Deploying hosted control planes on Azure - Deploying hosted control planes | Hosted control planes

Overview of hosted control planes on Azure
Setting up Azure resources
Deleting an Azure hosted cluster and its resources

With hosted control planes on Microsoft Azure, you can reduce the cost associated with dedicated control-plane node VMs for each cluster. You can provision compute nodes as Azure Virtual Machine Scale sets for dynamic scaling, and ensure credential isolation with per-cluster Azure service principals.

Hosted control planes on Azure is a Technology Preview feature only. Technology Preview features are not supported with Red Hat production service level agreements (SLAs) and might not be functionally complete. Red Hat does not recommend using them in production. These features provide early access to upcoming product features, enabling customers to test functionality and provide feedback during the development process.

For more information about the support scope of Red Hat Technology Preview features, see Technology Preview Features Support Scope.

Overview of hosted control planes on Azure

You can deploy and manage hosted clusters on an OpenShift management cluster that runs in Microsoft Azure. With a self-managed deployment model, you manage your own OpenShift cluster.

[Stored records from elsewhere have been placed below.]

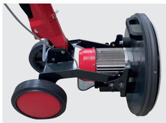
Bürstkopf aufgestellt für die optimale Lagerung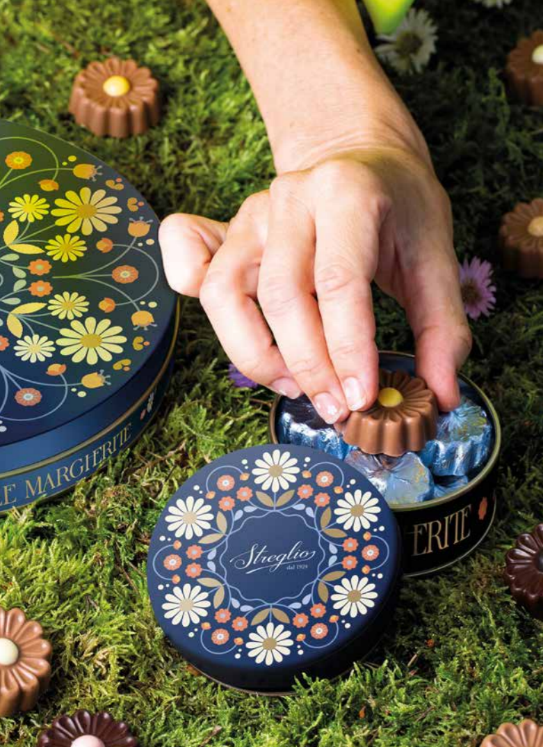
STLAT06 - LATTIA CIOCCOLATINI MARGHERITE 55G / € 4,50 + IVA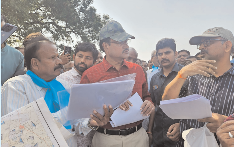
తమ భూములు కట్టాడు గురవుతున్నాయని స్థానికులు హైద్రా కమిషనర్ కు ఫిర్యాదు చేశారు. చెరువులోని నీరు తూముల ద్వారా కిందకు వదలడంతో ఎగువన ఉన్న తమ నివాసాలు మునిగిపోయినట్లు హైద్రా కమిషనర్ దృష్టికి తీసుకు వెళ్లారు.

Architecture of hosted control planes on Azure

At a high level, the architecture of hosted control planes on Azure consists of three layers:

Management cluster: An Azure OpenShift cluster that hosts the HyperShift Operator and the control planes for your hosted clusters.
Control plane: Kubernetes control-plane components that run as pods on the management cluster.
Data plane: Compute nodes that run as Azure virtual machines (VMs) in your Azure subscription.

The architecture uses Azure Workload Identity for secure, credential-free authentication between OKD components and Azure services. As a result, you do not need to manage long-lived service principal credentials, and you get better security through federated identity credentials.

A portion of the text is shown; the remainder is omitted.